Open johnryan465 opened 2 years ago
The wording seems right, but it may be possible that it should be the number of batches / epochs. Alternatively, it seems like we are only using 1 sample for estimating the ELBO, but might affect the accuracy of the loss.
It does seem like the shapes are a bit odd. If in the training loop we change torch.tensor([100,1])
to torch.ones([100,1])
like in sample and in the notebook, the code breaks for all types of layers except planar flow. Maybe it's to do with how we implement inverse and/or elbo?
I'm comparing the notebook of the latest version of the code and a past version that still works (https://github.com/ATML-Group-12/normalising_flows/tree/da1165cf9a1e4debf0a1edf0ef2e422c089f90e4). I've run visual.ipynb for both times and the past version gives a result close to the paper but the current version is ... messy at best.
I've dug a bit and here are some things that changed and might impact the performance:
x
as opposed to just returning a MultivariateNormal(self.mean,self.cov)
(undoing this makes the final distribution clearer in the last cell)This seems to remain an issue after the above adjustments. The radial flow with flow length 2 seems to be performing the best, but its performance gets worse as the flow length increases. Planar flow, NICE orthogonal and permutation basically don't learn much.
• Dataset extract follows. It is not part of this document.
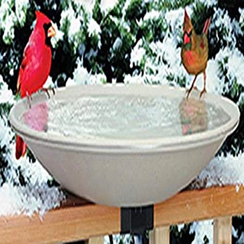 Attract a variety of wintering birds to your backyard with a warm, clean Mollema and Son birdbath. A Built-in thermostat prevents bird bath water from freezing, even on the chilliest winter days. Plus, thanks to the convenient “tilt-to-clean” deck rail mounting bracket, keeping the bowl tidy is simple. This product is covered by a one-year warranty against defects in materials and workmanship.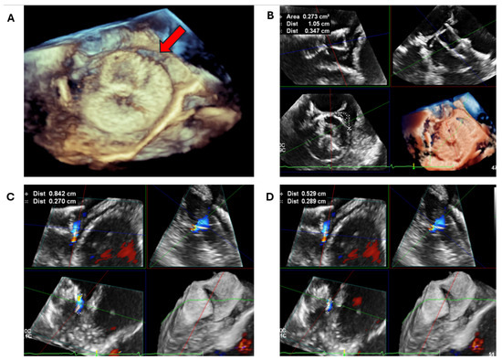 On TOE, a PDL is detected by measuring the width of the colour doppler jet on 2D planes (0, 45, 90, and 135°) or the full dimensions of the colour doppler on 3D imaging [44] (Figure 17). For this reason, the prevalence of PDL on TOE is significantly less than on CT [44]. However, a PDL detected on TOE (regardless of its size) is significantly associated with major adverse events (all-cause mortality and thromboembolism), with a graded positive association with increasing PDL size [44].

Moreover, this always comes up:
File "/Users/lyndonf/Desktop/normalising_flows/nice/model/model.py", line 24, in forward
dist = self.embedding(x)
File "/Users/lyndonf/anaconda3/envs/flows/lib/python3.9/site-packages/torch/nn/modules/module.py", line 1110, in _call_impl
return forward_call(*input, **kwargs)
File "/Users/lyndonf/Desktop/normalising_flows/flows/embedding/basic.py", line 31, in forward
return MultivariateNormal(self.mean.unsqueeze(0).repeat(K, 1), self.cov.unsqueeze(0).repeat(K, 1, 1))
File "/Users/lyndonf/anaconda3/envs/flows/lib/python3.9/site-packages/torch/distributions/multivariate_normal.py", line 146, in __init__
super(MultivariateNormal, self).__init__(batch_shape, event_shape, validate_args=validate_args)
File "/Users/lyndonf/anaconda3/envs/flows/lib/python3.9/site-packages/torch/distributions/distribution.py", line 55, in __init__
raise ValueError(
ValueError: Expected parameter loc (Tensor of shape (1, 2)) of distribution MultivariateNormal(loc: torch.Size([1, 2]), covariance_matrix: torch.Size([1, 2, 2])) to satisfy the constraint IndependentConstraint(Real(), 1), but found invalid values:
tensor([[nan, nan]], grad_fn=<ExpandBackward0>)
whether in training or sampling. This appears to be the case before #18 as well.
The lack of improvement for larger models is why I was curious about whether or not the number of training iterations should be impacting by the number of parameters as we are training the larger models less.
Nice doesn't learn properly?
The flows are working okay for me, there is an issue of inputing a tensor of [1,1] instead of [[1]] in a few places.
@LyndonFan what was the purpose of the Basic Embeddings much more complex covariance structure? I'm not sure I follow the purpose of it. Having torch.no_grad in the forward pass in generally not a good idea
It was because when training NICE permutation, the tensor sometimes became not positive definite, leading to an error. Maybe there is a way to enforce the structure of L_below without using torch.no_grad?
Ah so it was for NICE gotcha.
@LyndonFan I think 500k parameter updates must mean update each parameter 500k times. Fewer epochs to converge with larger models doesn't make sense to me.
Additionally if not for most models the value we are optimising will not actually be the elbo due to the annealed version not hitting 10k interations.
Sounds fair, plus our current methods don't quite work. I think I tried 5k iterations (though it was 500000 / 100 for minibatch) but it still didn't work. I'll set it to 500k then.
Which methods? So for the flows there is an input shape problem which I think I've rectified but am testing atm.
I'm watching Planar with k=8 and it seems to be training okay but needs much more than 10k iterations.
By current methods I just mean what we've fixed / tried before, I wasn't referring to a particular energy function / layer type
The observations i am making of the training is that quite quickly it latches on to one of the nodes and then doesn't split
Actually the losses agree with the claimed performance in the graphs, just not the density plots.
It is unclear to me what they mean by this plot, because how I'm interpreting it our model is actually much better for the first density function somehow.
Our planar flow k=8 hits -1 variational bound easily. Current run hits -1.5
The "number of parameter updates" in the paper is quite ambiguous and using the interpretation we currently have our models are not performing anywhere near as well. Any thoughts on it?